The answer to the first question is "a lot." Given the magnitude of the mess and the amount of underutilized capacity in the economy-- people who are or will soon be unemployed, those who are underemployed, factories shuttered, offices empty, trucks and containers idled -- government may have to spend $600 or $700 billion next year to reverse the downward cycle we're in.
The answer to the second question is mostly "infrastructure" -- repairing roads and bridges, levees and ports; investing in light rail, electrical grids, new sources of energy, more energy conservation. Even conservative economists like Harvard's Martin Feldstein are calling for government to stimulate the economy through infrastructure spending. Infrastructure projects like these pack a double-whammy: they create lots of jobs, and they make the economy work better in the future. (Important qualification: To do this correctly and avoid pork, the federal government will need to have a capital budget that lists infrastructure projects in order of priority of public need.)
Government should also spend on health care and child care. These expenditures are also double whammies: they, too, create lots of jobs, and they fulfill vital public needs.

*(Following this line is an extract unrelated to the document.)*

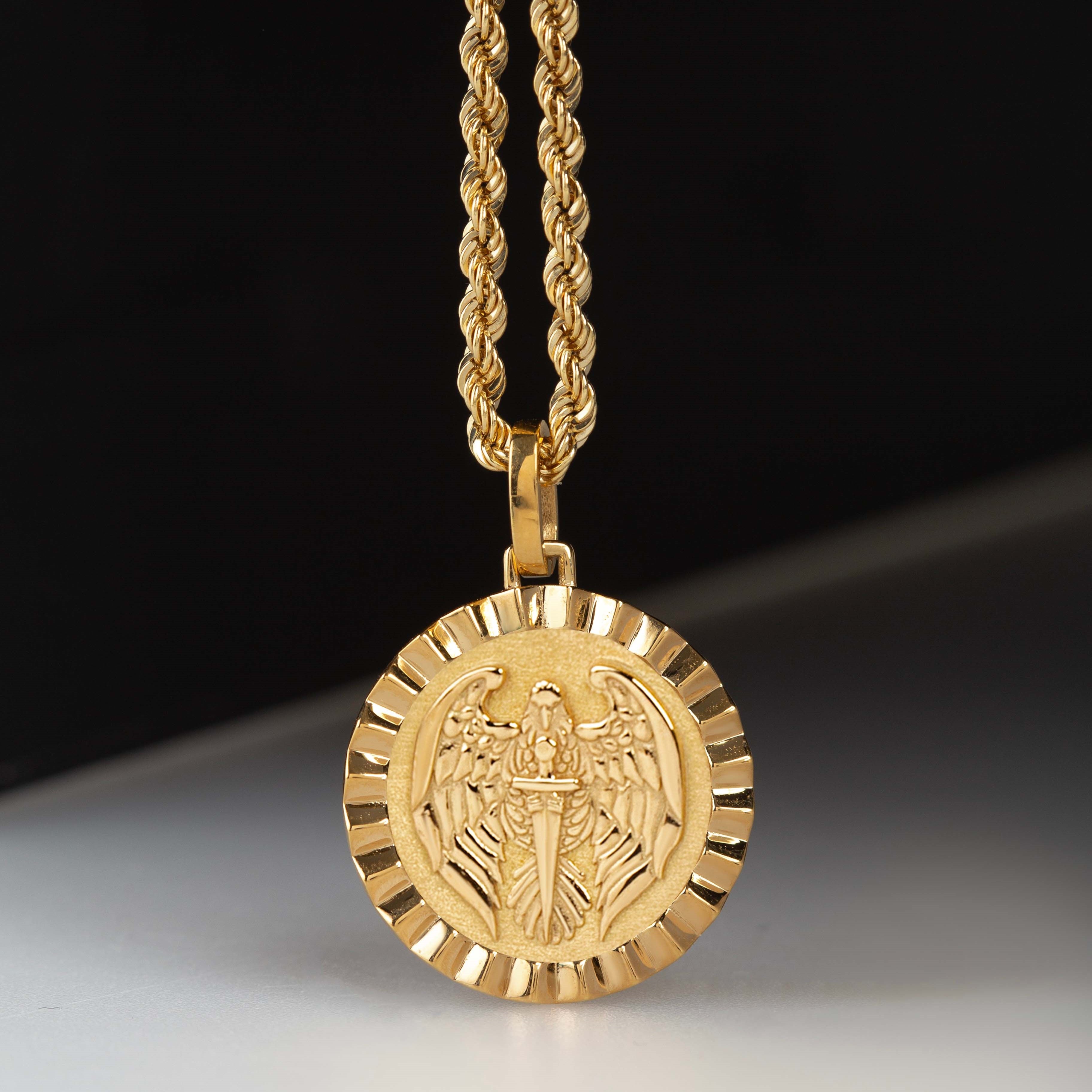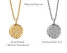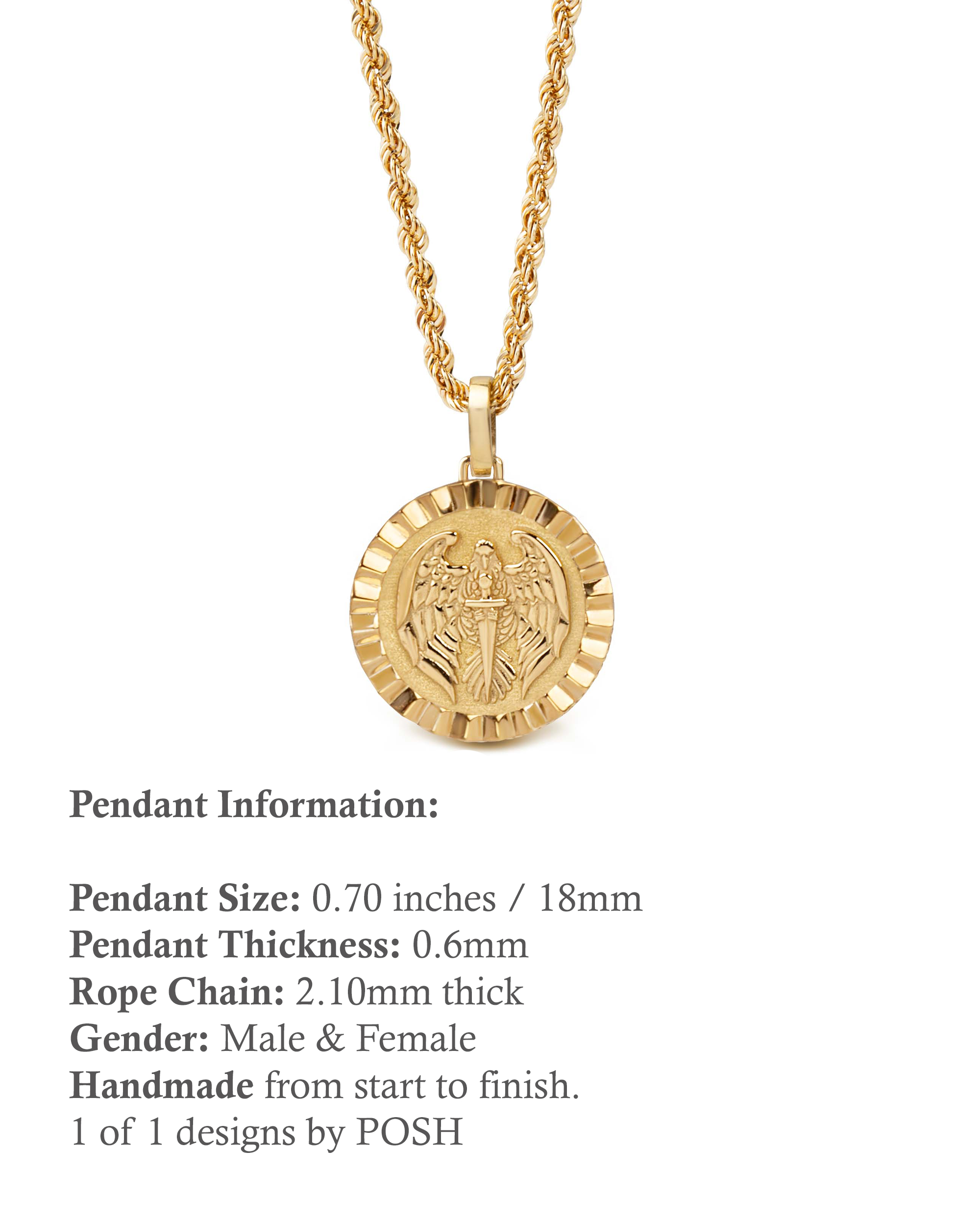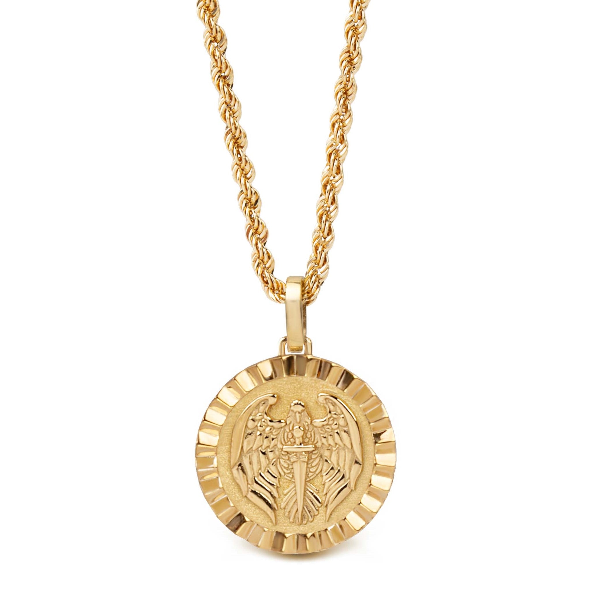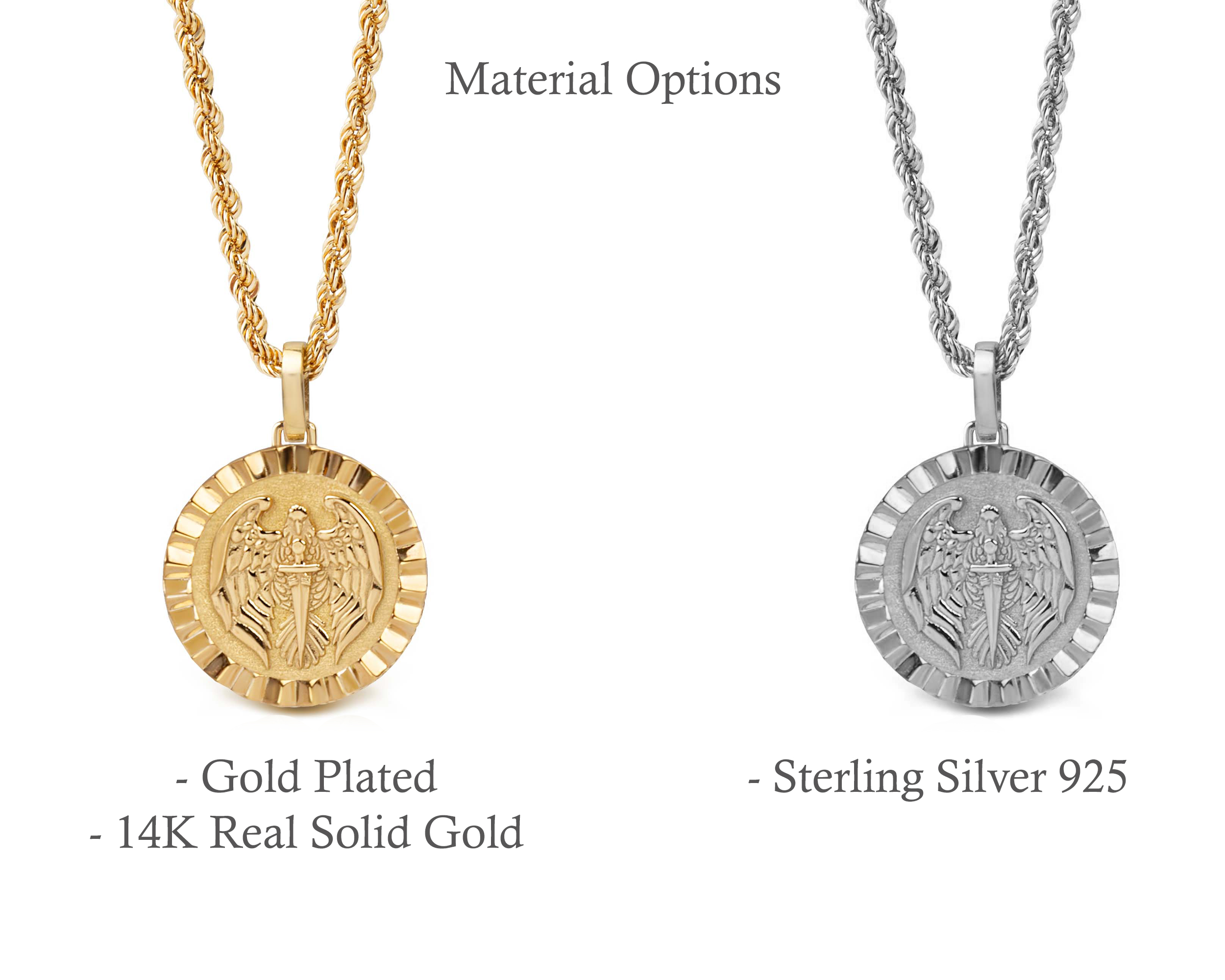 Our collection of round pendants with unique designs on top are made for both men and women. Our Eagle Sword necklace can be personalized on the back with a custom message of your choice.
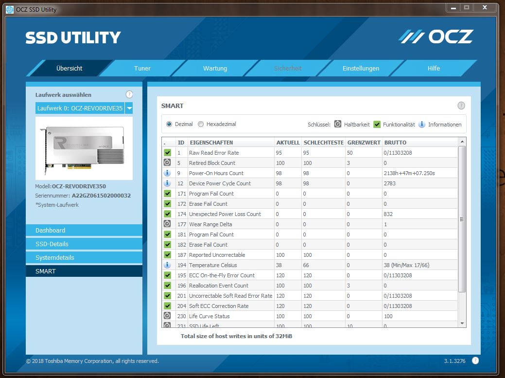 Das Problem der Revos ist, dass es keine nativen PCIe SSDs sind wie sie heute verbreitet sind, sondern ein RAID aus SATA SSD und da liegt es am RAID Controller wie er mit den Anfragen zum Auslesen der S.M.A.R.T. Werte umgeht. Bei den meisten HW-RAID Controllern kann man die S.M.A.R.T. der einzelnen Laufwerke nur über des eigene Tool des Herstellers auslesen, hier scheint es mir ab so zu sein, dass der RAID Controller CDI einfach immer wieder die Werte eines Laufwerks präsentiert und daher Werte plötzlich wieder geringe sind, die eigentlich nur steigen sollten.Chuuei schrieb:Und das CDI hier Mist baut sieht man im Vergleich mit den OCZ Tool, welches man ja hier als Referenz nehmen sollte

Expect two sorts of arguments against this. The first will come from fiscal hawks who claim that the government is already spending way too much. Even without a new stimulus package, next year's budget deficit could run over a trillion dollars, given the amounts to be spent bailing out Wall Street and perhaps the auto industry, and providing extended unemployment insurance and other measures to help those in direct need. The hawks will argue that the nation can't afford giant deficits, especially when baby boomers are only a few years away from retiring and claiming Social Security and Medicare.
They're wrong. Government spending that puts people back to work and invests in the future productivity of the nation is exactly what the economy needs right now. Deficit numbers themselves have no significance. The pertinent issue is how much underutilized capacity exists in the economy. When there's lots of idle capacity, deficit spending is entirely appropriate, as John Maynard Keynes taught us. Moving the economy to fuller capacity will of itself shrink future deficits.

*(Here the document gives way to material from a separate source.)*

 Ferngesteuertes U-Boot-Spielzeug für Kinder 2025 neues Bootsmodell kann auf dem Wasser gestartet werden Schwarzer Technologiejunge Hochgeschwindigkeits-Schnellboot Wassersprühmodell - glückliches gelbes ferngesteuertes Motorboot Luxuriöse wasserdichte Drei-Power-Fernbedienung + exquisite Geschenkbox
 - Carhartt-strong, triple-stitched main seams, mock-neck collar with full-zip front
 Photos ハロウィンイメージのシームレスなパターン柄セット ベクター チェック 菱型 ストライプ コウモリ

The second argument will come from conservative supply-siders who will call for income-tax cuts rather than spending increases. They'll claim that individuals with more money in their pockets will get the economy moving again more readily than can government. They're wrong, for three reasons. First, income-tax cuts go mainly to upper-income people who tend to save rather than spend. Most Americans pay more in payroll taxes than in income taxes. Second, even if a rebate could be fashioned, people tend to use those extra dollars to pay off their debts rather than buy new goods and services, as we witnessed a few months ago when the government sent out rebate checks. Third, even when individuals purchase goods and services, those purchases tend not to generate as many American jobs as government spending on the same total scale because much of what consumers buy comes from abroad.
Fiscal hawks and conservative supply siders notwithstanding, a major stimulus is in order. Government is the spender of last resort, and the nation is coming close to its last resort"

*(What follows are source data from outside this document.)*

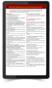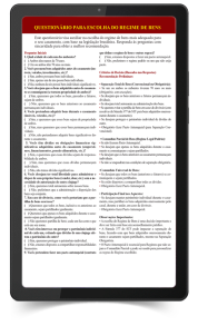 Este questionário auxilia casais a escolher o regime de bens mais adequado para o casamento, considerando idade, bens prévios, dívidas, autonomia na administração e desejo de partilha. Com base nas respostas, aponta a recomendação preliminar entre comunhão parcial, comunhão universal, separação total ou participação final nos aquestos. Ressalta ainda a importância do pacto antenupcial e da orientação jurídica na decisão.
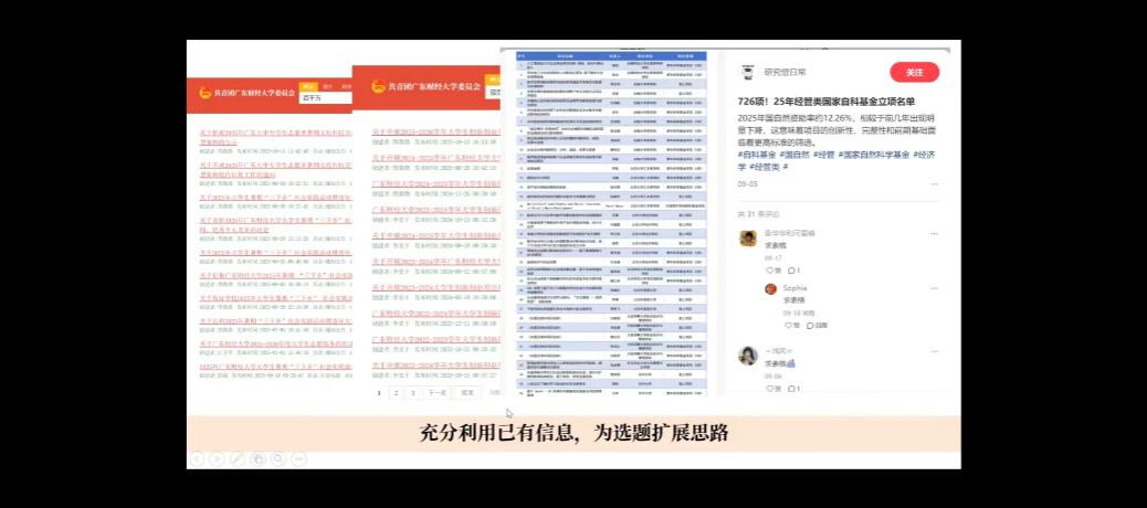 周皓阳完整梳理了从“申报立项-中期检查-结项答辩”的全流程,尤其针对大家关心的“结项难”问题给出具体建议。他强调,结项材料一定要注重逻辑闭环,比如研究结论要与最初的研究目标对应,数据支撑要扎实且可追溯,避免出现“目标与结论脱节”“数据来源不清晰”等问题。在答辩环节,他还分享了PPT制作技巧——页面设计要简洁明了,重点突出核心数据与创新点,同时提前模拟答辩场景,熟悉可能被问到的问题,比如“项目的局限性是什么”“后续如何优化”,做到临场不慌。
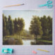 Este design apresenta uma pintura do artista francês Jean-Joseph-Xavier Bidauld (1758-1846). Mostra uma bela paisagem ao redor de um lago barco num parque em Mortefontaine, França norte. O lago parece um rio. Há um barco na água com pessoas a desembarcar. Há também cisnes a nadar na água. Árvores altas cercam o lago. O céu é azul brilhante e contém algumas nuvens brancas e espertas. O trabalho artístico original foi pintado em 1806.

To Reich and to the last anonymous poster, I would say a much better stimulus involves across the board tax cuts including income, capital gains, and corporate tax.
ReplyDeleteThe problem I have with someone like Reich and you is that for every problem there is a big government solution. Someone like Reich and Obama can't imagine the economy being stimulated without a massive expansion of government.
It can happen and it has happened under Reagan and the long term effects are significantly better than the expansion of government that Reich and Obama are proposing.